I was corrected on this some time ago, here on this forum.

I service boats in Lake Ontario, and I advise that if a boat was manufactured after 1995 (after widespread use of vinylester), osmosis prevention is not likely required. Additionally, if it was manufactured before 1995, and it is not showing any sign of osmosis now, it is not likely to be seriously affected in future.

EXCEPT, when taking a northern cool fresh water boat (e.g. Lake Ontario) into southern warm salt water (e.g. Caribbean, where some boats have been suddenly afflicted with severe pox, where none were before).

Now, if one is getting there bottom stripped, it is wise to apply a coat of primer (e.g. Interlux 2000E) before the new anti-fouling. If at the same time, one wishes a barrier coat (3 more coats of Interlux 2000E) the incremental cost is minimal, so why not?

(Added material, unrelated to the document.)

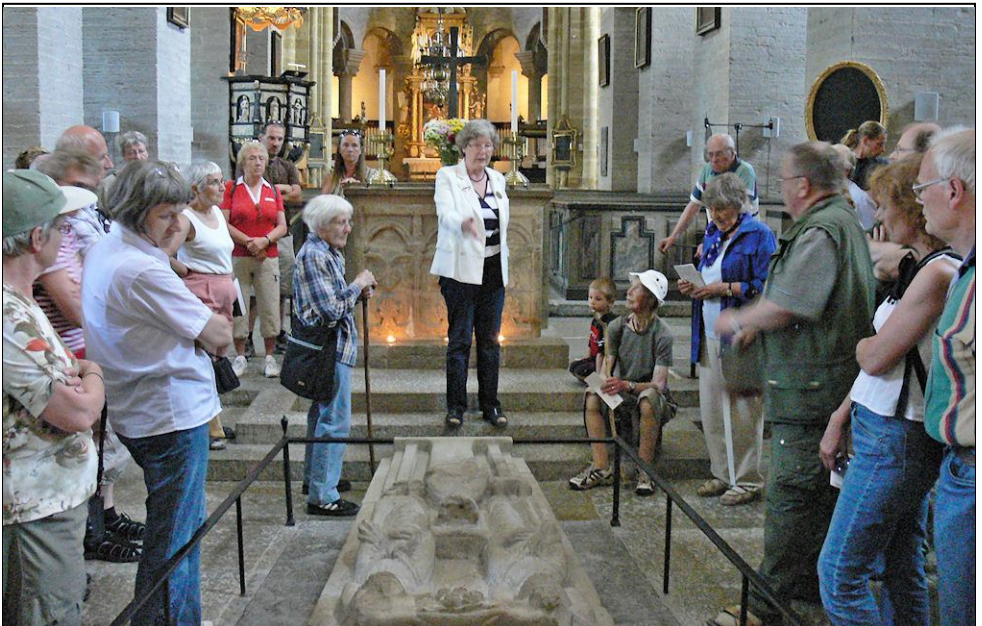
Guidning vid Birger Jarls grav i Varnhems klosterkyrka

Everything else being equal, a severe blisters (even small non-osmotic blisters) will knock about 15% off the boat value. A boat with a top condition bottom, will add about 10%.

For most boats, the value gain vs cost is in favour of the owner, (even when completely hired out at full yard rate.)

Putting a good bottom on, is actually one of the better boat investments one can make.

Disclosure: I sell and apply marine finishes professionally. This post is offered as free friendly advice and not intended to solicit business.